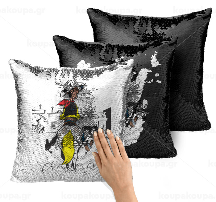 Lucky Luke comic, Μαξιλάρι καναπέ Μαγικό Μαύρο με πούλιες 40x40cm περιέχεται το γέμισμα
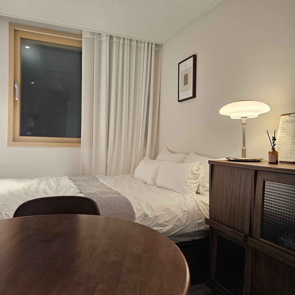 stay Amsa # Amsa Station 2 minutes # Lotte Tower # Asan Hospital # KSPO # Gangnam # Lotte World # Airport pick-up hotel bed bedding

===

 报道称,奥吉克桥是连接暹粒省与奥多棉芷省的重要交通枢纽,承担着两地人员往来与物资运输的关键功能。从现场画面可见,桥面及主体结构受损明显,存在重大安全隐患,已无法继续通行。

===

Please output, exactly as written, the lines above from the one holding "Lucky Luke comic, Μαξιλάρι" through the one holding "stay Amsa #", both included, with the pictures omitted.

 Lucky Luke comic, Μαξιλάρι καναπέ Μαγικό Μαύρο με πούλιες 40x40cm περιέχεται το γέμισμα
 stay Amsa # Amsa Station 2 minutes # Lotte Tower # Asan Hospital # KSPO # Gangnam # Lotte World # Airport pick-up hotel bed bedding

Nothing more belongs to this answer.